The Exercise Pill. Researchers in America may have discovered a way to make a pill that could replace exercise and help people to lose weight without the need to break a sweat.
For anyone who has such a hectic lifestyle they are unable to find the time to exercise, a pill like that could seem like a godsend.
An exercise pill could be equally attractive to people who spend most of their day sitting behind a desk or the steering wheel of a truck or bus.
Then there are the people who are dangerously overweight but cannot exercise because they are too old or have heath problems that may make exercising dangerous. However, nice as it may sound, the exercise replacement pill may not be available anytime soon.
The only studies so far have been conducted on mice. There is no way of knowing if humans will respond in the same way, or what the side effects are likely to be.
The researchers at the Salk Institute for Biological Studies in La Jolla, California, wanted to find out what physical endurance meant on the molecular level, see if it was feasible to replace training with a drug and develop an exercise pill. Previous studies, involving a drug called GW501516, had already proved effective for improving stamina and encouraging the body to burn fat faster, so the researchers decided to further explore its potential.
Tests involving obese mice, running on treadmills showed the drug successfully increased endurance by 70 percent.
The researchers also discovered the drug altered the activity of nearly 1000 genes. The ones that are necessary for breaking down and burning fat became more active, but others, including some that convert sugar into energy, showed inhibited activity.
According to a report published in the May edition of Cell Metabolism, mice that were not given the drug were only capable of running for 160 minutes. The ones that received it managed to sustain the activity for 270 minutes and were more insulin responsive and resistant to weight gain.
Closer inspection of the data revealed this was due to the fact that one of the genes altered by the drug stopped burning sugar as a primary source of energy and began burning fat instead.
Subsequent analysis of the mice’s muscle tissue revealed the ones that had been given the drug did not have additional mitochondria (energy provider).
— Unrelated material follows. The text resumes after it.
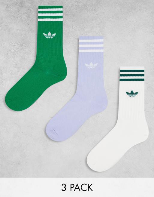 adidas Originals – 3er-Pack hohe Socken in Weiß, Grün und Lila
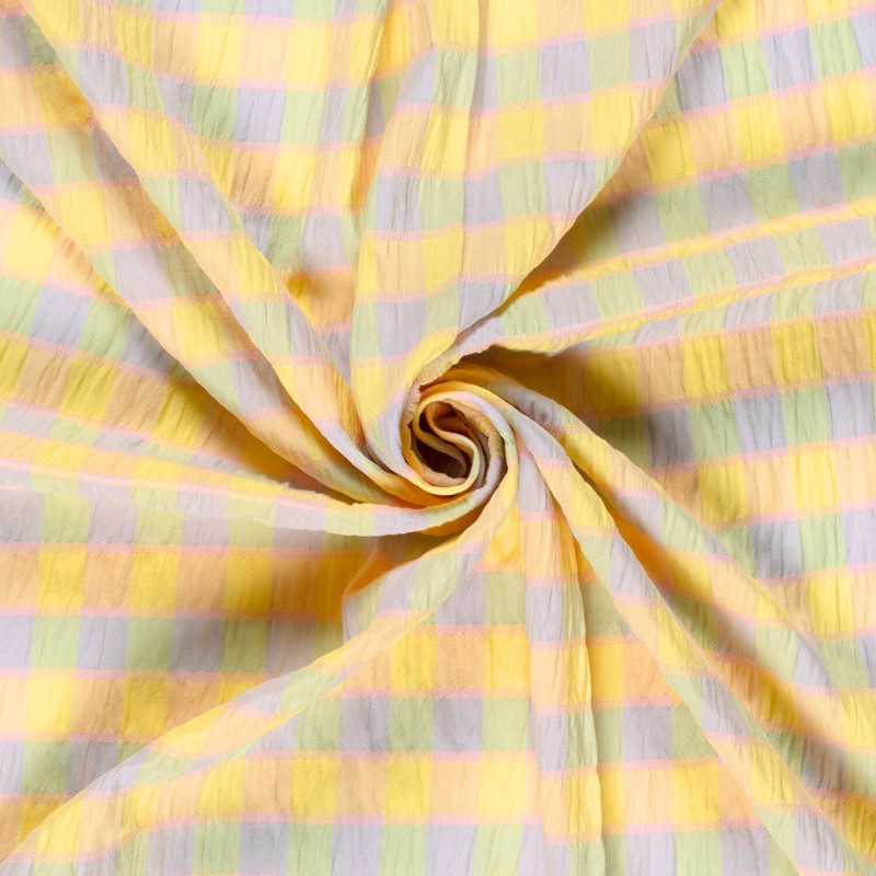 Cap sur les tenues estivales et douces avec ce tissu coton Guada. Craquez pour ce seersucker à carreaux colorés idéal pour la confection de robes, chemisiers et tops légers.

The researchers saw this as proof that the drug can provide the same benefits as exercise.
“It means you can improve endurance to the equivalent level as someone in training, without all of the physical effort,” first author Weiwei Fan said in a press release.
The researchers are now trying to find a pharmaceutical company with the resources necessary to develop clinical trials and test the drug on humans. If the tests are successful, and an exercise pill is created, it could be a useful ally in the war against obesity and may also have value as a treatment for type 2 diabetes.
However, some experts are worried the drug could be used for less reputable reasons. Ali Tavassoli, professor of chemical biology at Southampton University, said an exercise pill could potentially be abused by athletes and horse trainers.
Pharmacologist Louise MacKenzie (University of Hertfordshire) has also raised some concerns.
She has studied the drug in the past and says high doses can cause nasty side effects. “It goes from being remarkably healthy to being the complete opposite, there’s no in-between,” MacKenzie said but admitted it was a good starting point for scientists looking for better ways to help people to improve their health. “I can definitely see a future where the problems are solved,” she said. “You just need to have enough clever scientists working on them.”